Modulus: Factory Automation – Análisis: sin límites

La mejor prueba para saber si un juego es bueno o no es que te haga perder la noción del tiempo. Te digo esto pues me pasó algo bien extraño con Modulus: Factory Automation y es que mi primera partida duró más de seis horas, y la única razón por la que paré fue porque mi cuerpo lo exigió, no porque el juego me lo pidiera.

A diferencia de muchos juegos del género, en Modulus los recursos son ilimitados. No hay costes de construcción, no hay temporizadores y puedes crear cualquier máquina de forma inmediata. Lo que importa, y lo que realmente te pondrá a pensar, es cómo transformas la poliroca, la materia prima principal, en módulos, datos, droides y demás pedidos que te haga la Colonia.

La historia te pondrá en los zapatos de Dédalo Uno, un ser creado con el único propósito de construir droides para esta Colonia. Y ya. El juego no te da más detalles de su trasfondo, ni te ofrece grandes revelaciones narrativas, porque sabe perfectamente que el gameplay es el verdadero protagonista.

Ahora bien, crear la línea de producción no es tan simple como suena. Pues para producir los recursos y módulos necesarios de cada edificio, primero debes convertir la poliroca en cubos de 8×8 y con este nuevo elemento moldearlos mediante cortadoras, ensambladoras y hasta ponerles color.

Por ejemplo, tendrás que convertir este pequeño cubo en…

…Este módulo. Y para eso necesitarás cortar muchas veces, troquelar, pintar y finalmente ensamblar las partes.

A medida que avanzas, las exigencias crecerán, por lo que necesitarás líneas de suministro que combinen varias cortadoras, troqueladoras y múltiples ensambladoras para crear diseños que exprimirán al máximo tu inteligencia espacial.

A diferencia de los recursos, el espacio de construcción no es ilimitado y conforme vas creando nuevas líneas, el espacio empieza a apretarse. Por lo que tendrás que comprar una nueva isla, pero estas solo se pueden adquirir con permisos especiales, que solo te darán cuando subas de rango, así que siempre estás pensando en dos cosas al mismo tiempo, optimizar lo que tienes y prepararte para lo que viene.

El ciclo de día y noche hace que tu pequeña fábrica automatizada se sienta más viva.

La progresión viene ligada a un árbol de tecnologías donde, a cambio de Concentradores de Datos grises, azules o amarillos, liberarás nuevas máquinas que harán tu trabajo más fácil y eficiente. Para obtenerlos más rápidamente, te sugiero completar los Retos, en esta pestaña te pedirán construir distintas formaciones de bloques y, si dejas la línea funcionando hasta entregar al menos 800, recibirás bonos de experiencia y concentradores adicionales que aceleran tu progresión de forma considerable.

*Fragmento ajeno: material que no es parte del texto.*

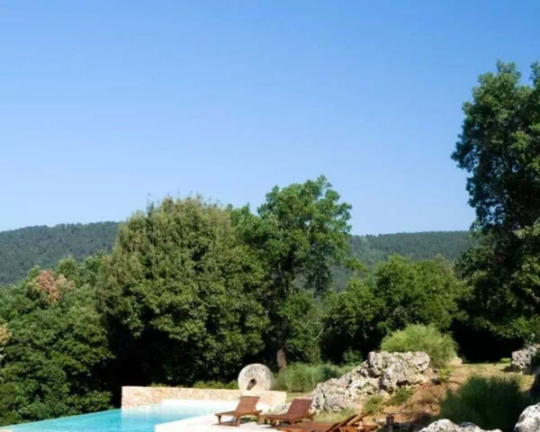 Votre séjour est enrichi d'équipements complets conçus pour le confort et la commodité dans toute la propriété. La cuisine est entièrement équipée de toutes les commodités modernes, notamment un grand four, un réfrigérateur avec congélateur, un lave-vaisselle et un micro-ondes, avec des plans de travail en travertin de noyer toscan et un îlot central en châtaignier poli. Les options de divertissement comprennent une télévision par satellite, un lecteur DVD et une chaîne stéréo pour votre plaisir. La villa principale présente des cheminées spectaculaires intégrées dans la roche naturelle, tandis que l'espace de vie de la grange comprend également une cheminée pour une chaleur d'ambiance. Un four à pain et à pizza extérieur à bois ainsi qu'un équipement barbecue offrent des expériences culinaires en plein air exceptionnelles. Des équipements de buanderie sont commodément fournis avec un lave-linge et un sèche-linge dans le bâtiment principal et un lave-linge supplémentaire dans la dépendance. Les commodités modernes s'étendent à la connectivité Wi-Fi, au système d'alarme et aux moustiquaires sur toutes les fenêtres des chambres et salles de bains. La propriété est entièrement accessible en fauteuil roulant avec des installations spécialement adaptées. Votre jardin privé offre de vastes terrains pour la détente et les loisirs, tandis que la piscine à débordement dispose d'une douche intégrée. Des attentions supplémentaires incluent l'éclairage extérieur pour la sécurité et l'ambiance, le service téléphonique, une caisse de six bouteilles de vin local en guise de bienvenue, et une bouteille d'huile d'olive extra vierge à l'arrivée.
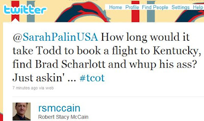 It’s crazy, is what it is, and the craziest part of it is that these fools are calling Todd Palin a liar. By my calculations, the campus of Northern Kentucky University is just about a 15-minute drive from the airport in Florence, and if Professor Scharlott gets the ass-whuppin’ he deserves, don’t say I didn’t try to warn him.

Fuera del modo historia, existe un modo creativo que elimina por completo las líneas de suministro y te entrega generadores de recursos para que experimentes con total libertad. Es el espacio perfecto para quienes quieren construir paisajes, letreros o probar configuraciones sin restricciones.

Yo, con la poca imaginación que tengo, pude construir esto y no me imagino lo que la comunidad terminará creando en los próximos meses.

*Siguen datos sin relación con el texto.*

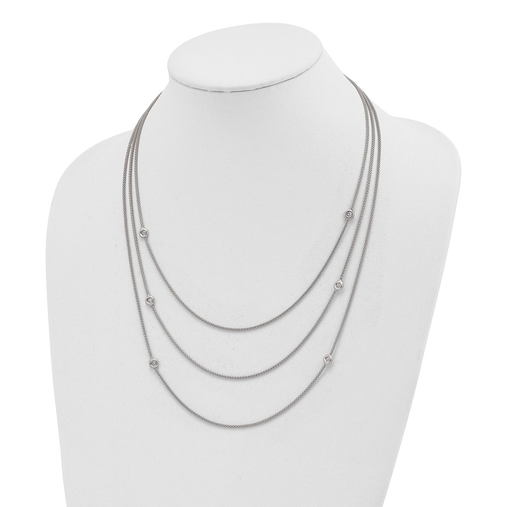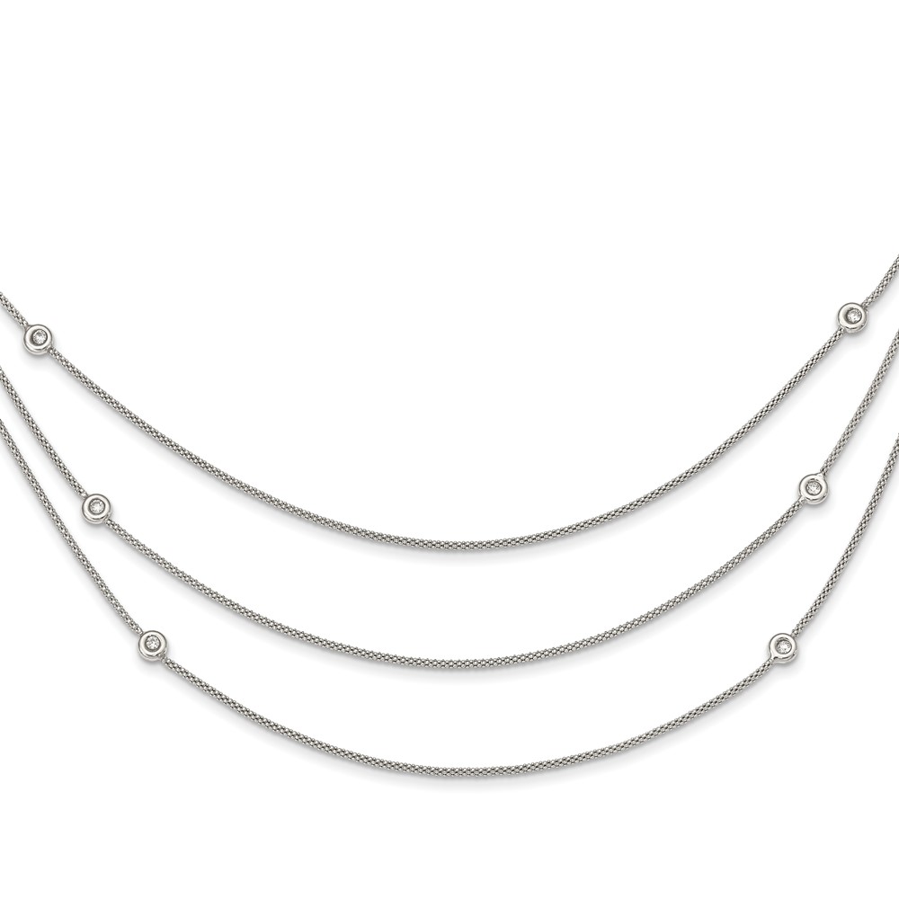 Sterling Silver Polished Multi Strand CZ w/2 in ext Necklace
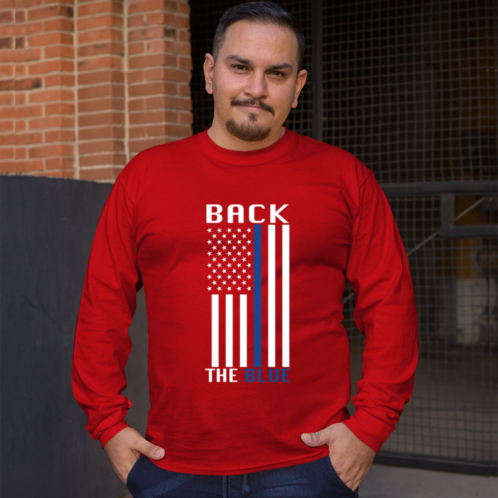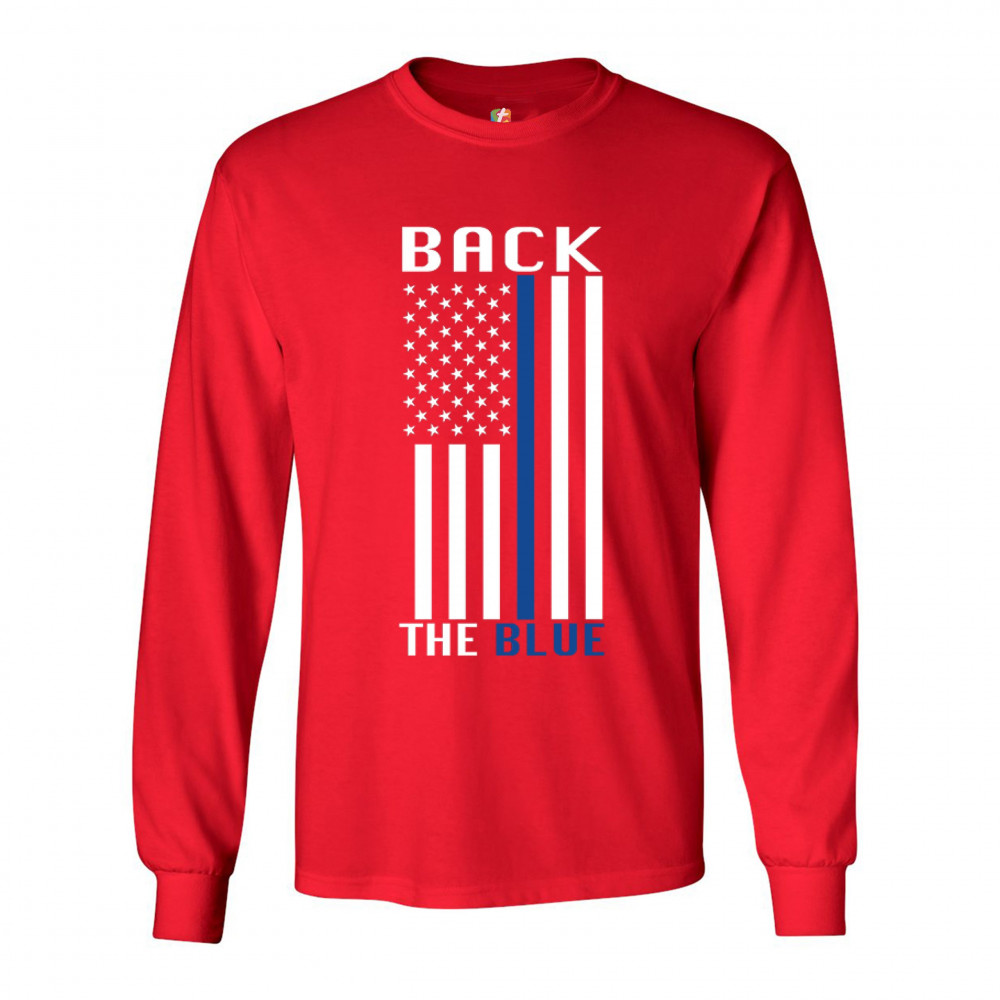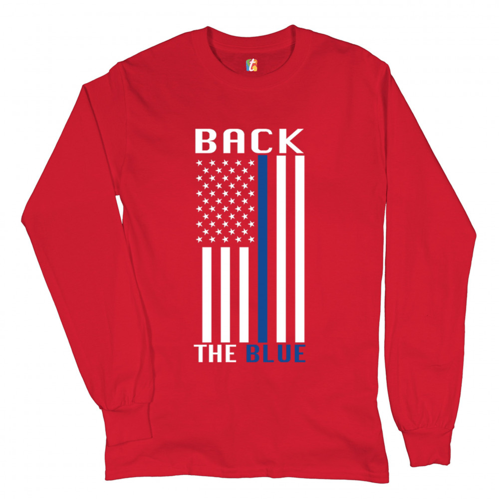 BACK THE BLUE AMERICAN FLAG long sleeve t-shirt police law enforcement red

A pesar de los grandes aciertos, hay elementos que pudieron ser mejores, como la identificación de los edificios de producción, tal vez un holograma en el techo o hasta un letrero. También hace mucha falta una mezcla del modo creativo con el modo historia, donde pudiéramos centrarnos en los Retos; eso hubiera sido espectacular.

En cuanto al rendimiento, en nuestro PC de pruebas, el juego se mantuvo en unos 180 fps muy estables a 2K sin importar cuántas islas o líneas tuviéramos activas. Uno de los detalles más bonitos que tiene es que puedes acercarte completamente a tus construcciones y verlas en acción como una pequeña ciudad automatizada, sin que el juego oculte sus modelados ni pierda detalle.

Otro de los puntos débiles de Modulus es su banda sonora, o más bien la falta de ella. Apenas suena una tonada de fondo muy leve, y aunque entiendo que la intención es mantener un ritmo calmado, el juego merecía música con algo más de fuerza.

Finalmente, Modulus es una de esas gratas sorpresas independientes. Por supuesto, no es para todo el mundo, pero para quienes quieran construir sin preocuparse por presupuestos, materiales o temporizadores, es una joya que merece ser descubierta.

Sin más que agregar, te recuerdo que Modulus: Factory Automation ya está disponible en exclusiva para PC vía Steam y también cuenta con una demo gratuita para que lo pruebes antes de decidirte.